First things first, we LOVE Trellick Tower. Why? Well, to be honest, it’s quite hard to explain. Its big butch exterior certainly isn’t what you would call, naturally welcoming. It has had 50 years of wear and tear and I don’t think it’s ever had an uplifting lick of paint…ever, but, its Trellick. We all know by now it was built by our Hungarian hero Erno Goldfinger, in 1972. Post-World War Two II, following the destruction of nearly 4 million houses Erno was commissioned to save the day with some high-rise architecture, and he did just that!
Erno was known as a humourless man who often succumbed to fits of notorious rage. Nice! He once forcibly threw two prospective clients out of a meeting because the merely suggested potential changes to one of his designs. I think a lot of his nature came out in his work. To someone who doesn’t know the heart of Trellick, the brutalist architecture looks cold and unwelcoming. In fact, when the building was completed it was well known that it was unpopular amongst residents, the local community and to be honest, most post-modernist architects. So, in short, we have an ugly building, built in an ugly style, by an angry man who had a James Bond character named after him (Auric Goldfinger), so what is all the fuss about?
In 2022 Trellick Tower celebrated its 50th Anniversary.

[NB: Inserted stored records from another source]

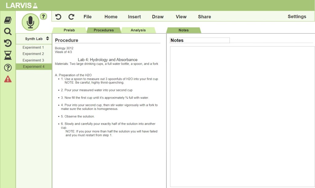 Our product, the Lab-Assisting Responsive Voice Integrated System (LARVIS) is a laboratory assistant and information management system for both educational and research lab contexts. LARVIS can organize a user’s lab-related files, read and transcribe notes, explain equipment and safety protocols, communicate with lab instructors, and more.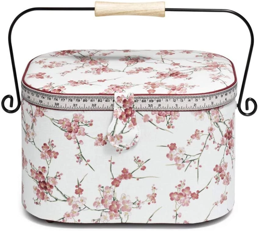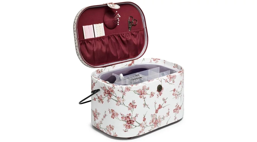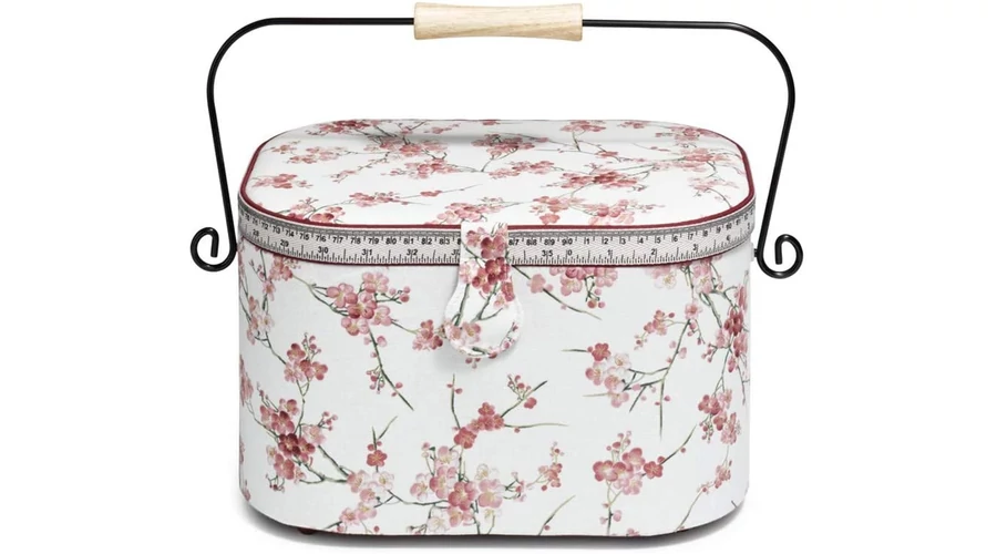Ovális alakú varrókosár szállításhoz és tároláshoz. Virágdíszekkel, finom színekkel, elegáns ívelt vastartóval, tágas belsővel rendelkezik. A belső teret bordó színű szövet béleli.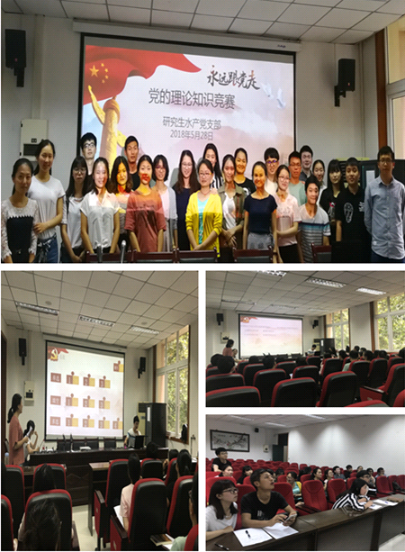 为进一步深刻领会党的十九大精神,激发党员学习党章、遵守党章、贯彻党章、维护党章的自觉性,2018年5月28日下午2:30,研究生水产党支部在37教218室开展了“学习贯彻党的十九大精神”知识竞赛活动。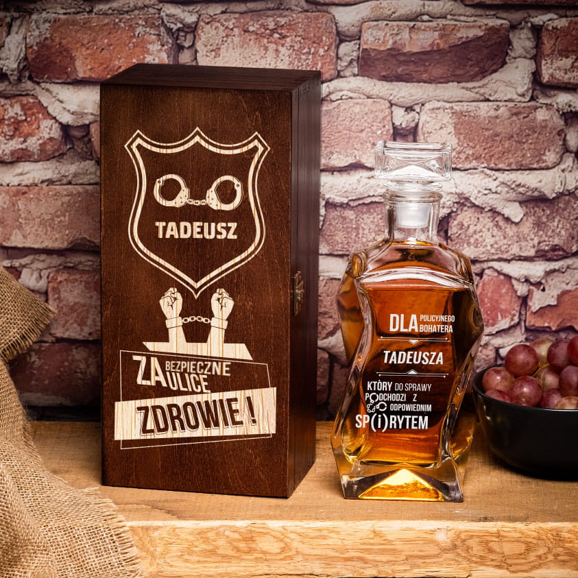Wręcz elegancki prezent Policjantowi – karafkę w skrzynce z grawerem.

Anyone who attended that event will be able to tell you what is so special about this place. It’s first and foremost best quality is its community. During Thatcher’s premiership in the early 80’s she released her ‘Right to Buy’ scheme that allowed council property residents to purchase their homes. This has allowed a huge diversity and culture within the estate that can rarely be found anywhere else. The Hall of Fame Graffiti Wall is infamous in the community and local area, with the basketball hoops being featured in a host of film, music and TV appearances. I suppose most recently being that of established UK grime artists like Digga D, Central Cee, and AJ Tracy whose talent was incubated by that of the community and surrounding communities of Trellick and other local estates. It is also found featuring in ‘For Queen and County’ with Denzel Washington and it was used in the ‘Bandersnatch’ episode of Black Mirror written by Charlie Brooker.
For all of its short snippets in the limelight that is not what makes Trellick Special. Given the eclectic mix of residents within the building you can find all sorts of weird and wonderful people. At Noahs we believe we have sold one of the most recent apartments in the building in 2020. The new owners have decided to restore the flat to as close to its original construction as possible. Reinstating the original steel skiting boards and architrave, painstakingly removing the plaster off of the walls to get back to the original concrete interior and bring back Erno’s brutalist concept.
What does the future look like for Trellick Tower and the estate on which it stands? Well it has certainly come full circle from its days as a vision of the future to a relic of the past, and back again. Although it has stood for 50 years, at Noahs London we hope it will continue to be an important landmark overlooking London for many more decade to come!